--- Input records Enclosed Below ---

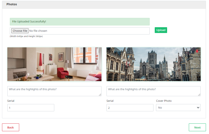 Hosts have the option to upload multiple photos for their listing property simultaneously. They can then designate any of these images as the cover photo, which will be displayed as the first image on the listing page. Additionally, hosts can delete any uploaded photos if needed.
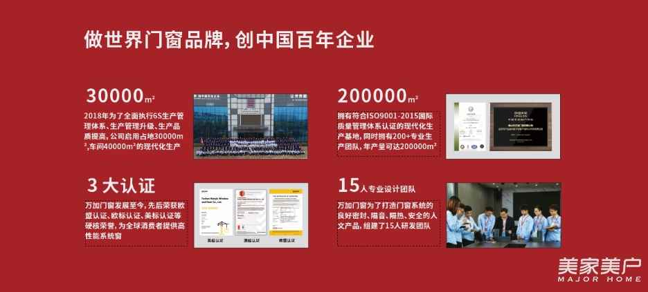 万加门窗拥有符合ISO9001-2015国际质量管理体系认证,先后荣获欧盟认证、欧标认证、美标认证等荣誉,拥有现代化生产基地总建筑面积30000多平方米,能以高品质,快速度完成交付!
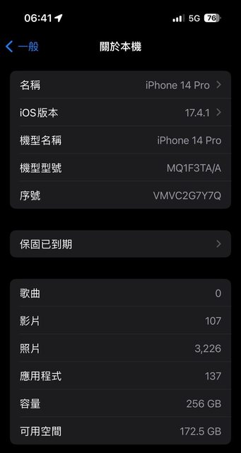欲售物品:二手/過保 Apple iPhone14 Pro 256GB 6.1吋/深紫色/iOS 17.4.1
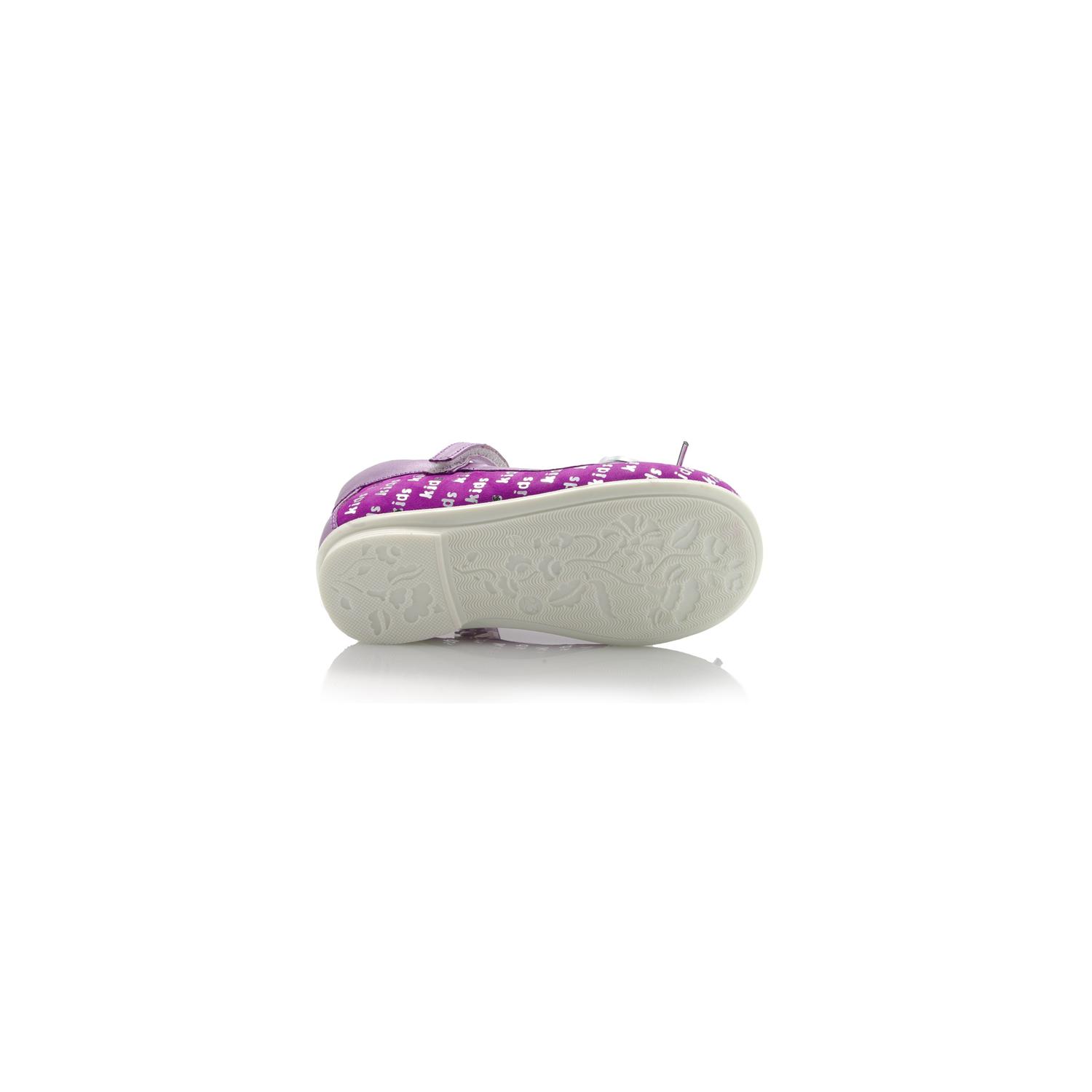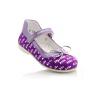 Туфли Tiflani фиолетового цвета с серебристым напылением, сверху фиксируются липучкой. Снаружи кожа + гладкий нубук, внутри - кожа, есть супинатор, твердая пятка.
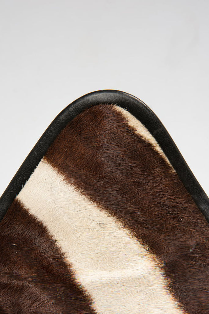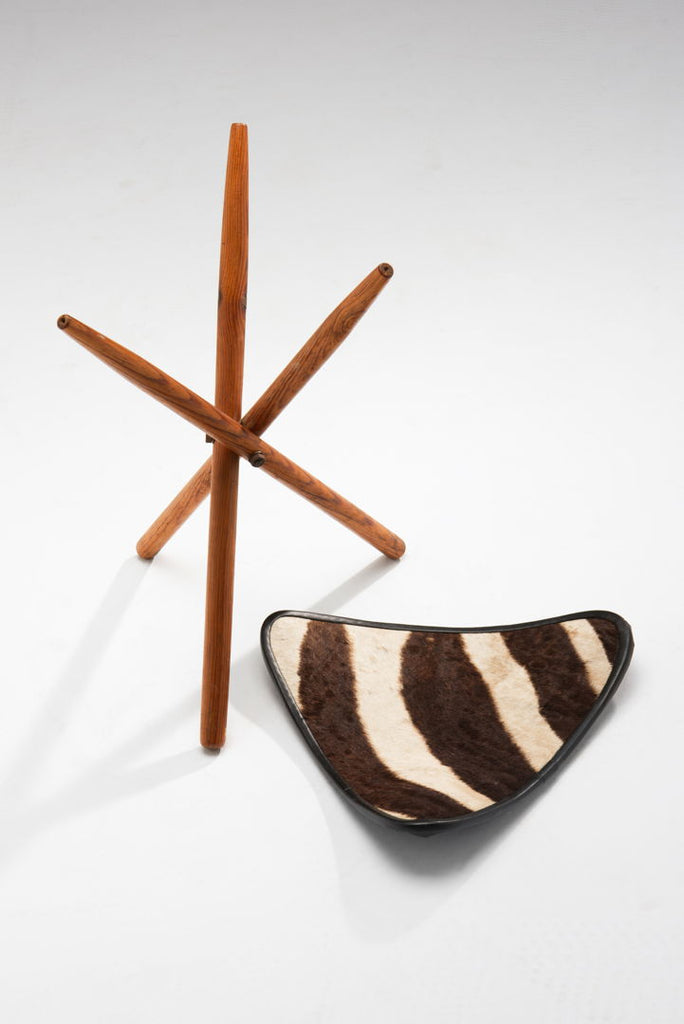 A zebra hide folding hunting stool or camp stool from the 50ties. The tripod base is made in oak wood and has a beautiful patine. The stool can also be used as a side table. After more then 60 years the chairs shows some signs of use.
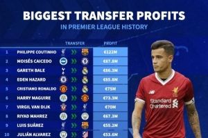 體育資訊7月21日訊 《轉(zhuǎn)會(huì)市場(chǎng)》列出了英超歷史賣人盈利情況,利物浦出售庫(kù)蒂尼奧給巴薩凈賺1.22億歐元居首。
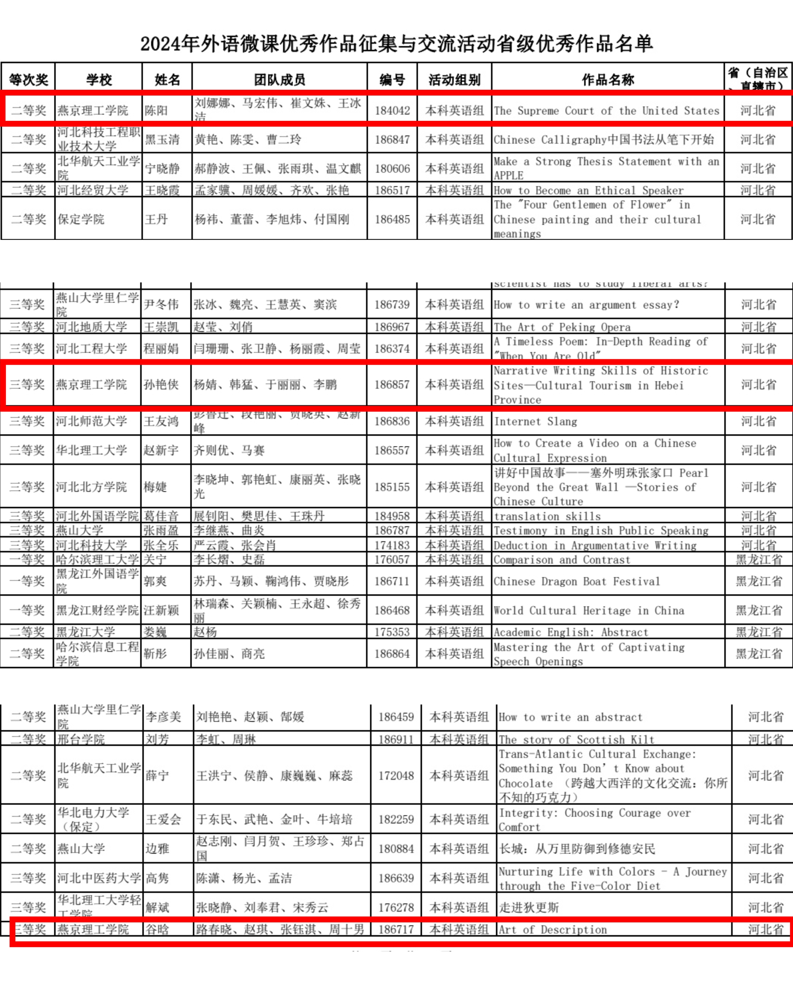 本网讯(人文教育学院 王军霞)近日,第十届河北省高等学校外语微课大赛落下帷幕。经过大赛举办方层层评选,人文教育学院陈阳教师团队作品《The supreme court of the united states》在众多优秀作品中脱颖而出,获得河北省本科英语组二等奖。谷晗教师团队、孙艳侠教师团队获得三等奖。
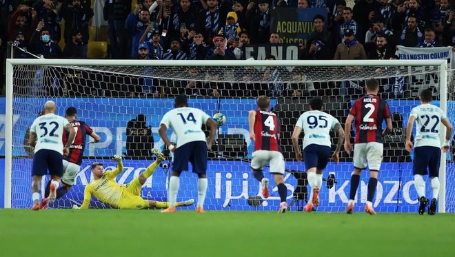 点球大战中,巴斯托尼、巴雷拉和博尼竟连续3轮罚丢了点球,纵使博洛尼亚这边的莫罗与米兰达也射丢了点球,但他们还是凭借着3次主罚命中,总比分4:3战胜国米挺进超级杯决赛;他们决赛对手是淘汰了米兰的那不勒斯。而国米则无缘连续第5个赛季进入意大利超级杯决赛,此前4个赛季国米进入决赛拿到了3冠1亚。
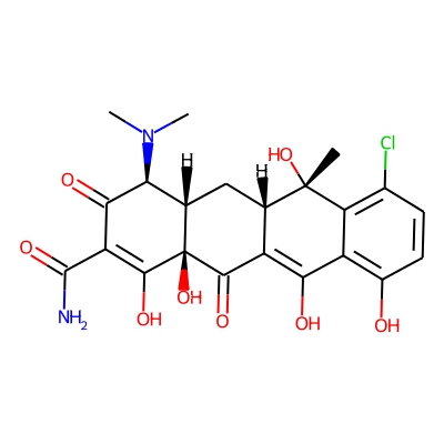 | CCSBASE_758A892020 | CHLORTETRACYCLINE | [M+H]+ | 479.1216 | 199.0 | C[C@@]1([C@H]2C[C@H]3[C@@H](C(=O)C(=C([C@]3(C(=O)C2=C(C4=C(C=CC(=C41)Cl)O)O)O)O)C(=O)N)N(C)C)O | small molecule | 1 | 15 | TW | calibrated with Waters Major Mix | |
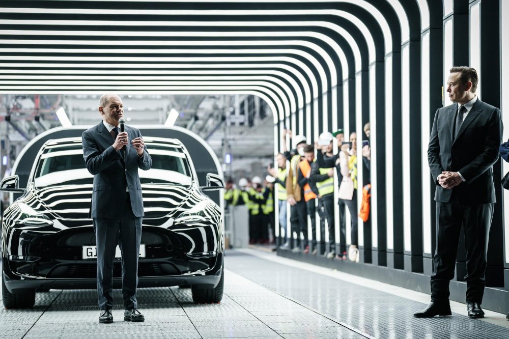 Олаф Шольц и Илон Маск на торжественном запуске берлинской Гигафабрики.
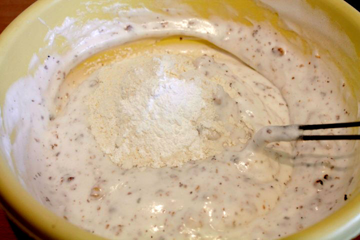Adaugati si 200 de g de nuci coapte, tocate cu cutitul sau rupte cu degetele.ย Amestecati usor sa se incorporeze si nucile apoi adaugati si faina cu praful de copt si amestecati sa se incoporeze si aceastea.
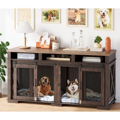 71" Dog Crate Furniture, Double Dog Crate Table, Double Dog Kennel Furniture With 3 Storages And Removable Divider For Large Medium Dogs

--- End of Enclosed Input records ---

- [Exercise details]:
If an entry holds an image, omit that image and print the remainder exactly as it stands.

- [Answer to the exercise]:
 Hosts have the option to upload multiple photos for their listing property simultaneously. They can then designate any of these images as the cover photo, which will be displayed as the first image on the listing page. Additionally, hosts can delete any uploaded photos if needed.
 万加门窗拥有符合ISO9001-2015国际质量管理体系认证,先后荣获欧盟认证、欧标认证、美标认证等荣誉,拥有现代化生产基地总建筑面积30000多平方米,能以高品质,快速度完成交付!
欲售物品:二手/過保 Apple iPhone14 Pro 256GB 6.1吋/深紫色/iOS 17.4.1
 Туфли Tiflani фиолетового цвета с серебристым напылением, сверху фиксируются липучкой. Снаружи кожа + гладкий нубук, внутри - кожа, есть супинатор, твердая пятка.
 A zebra hide folding hunting stool or camp stool from the 50ties. The tripod base is made in oak wood and has a beautiful patine. The stool can also be used as a side table. After more then 60 years the chairs shows some signs of use.
 體育資訊7月21日訊 《轉(zhuǎn)會(huì)市場(chǎng)》列出了英超歷史賣人盈利情況,利物浦出售庫(kù)蒂尼奧給巴薩凈賺1.22億歐元居首。
 本网讯(人文教育学院 王军霞)近日,第十届河北省高等学校外语微课大赛落下帷幕。经过大赛举办方层层评选,人文教育学院陈阳教师团队作品《The supreme court of the united states》在众多优秀作品中脱颖而出,获得河北省本科英语组二等奖。谷晗教师团队、孙艳侠教师团队获得三等奖。
 点球大战中,巴斯托尼、巴雷拉和博尼竟连续3轮罚丢了点球,纵使博洛尼亚这边的莫罗与米兰达也射丢了点球,但他们还是凭借着3次主罚命中,总比分4:3战胜国米挺进超级杯决赛;他们决赛对手是淘汰了米兰的那不勒斯。而国米则无缘连续第5个赛季进入意大利超级杯决赛,此前4个赛季国米进入决赛拿到了3冠1亚。
 | CCSBASE_758A892020 | CHLORTETRACYCLINE | [M+H]+ | 479.1216 | 199.0 | C[C@@]1([C@H]2C[C@H]3[C@@H](C(=O)C(=C([C@]3(C(=O)C2=C(C4=C(C=CC(=C41)Cl)O)O)O)O)C(=O)N)N(C)C)O | small molecule | 1 | 15 | TW | calibrated with Waters Major Mix | |
 Олаф Шольц и Илон Маск на торжественном запуске берлинской Гигафабрики.
Adaugati si 200 de g de nuci coapte, tocate cu cutitul sau rupte cu degetele.ย Amestecati usor sa se incorporeze si nucile apoi adaugati si faina cu praful de copt si amestecati sa se incoporeze si aceastea.
 71" Dog Crate Furniture, Double Dog Crate Table, Double Dog Kennel Furniture With 3 Storages And Removable Divider For Large Medium Dogs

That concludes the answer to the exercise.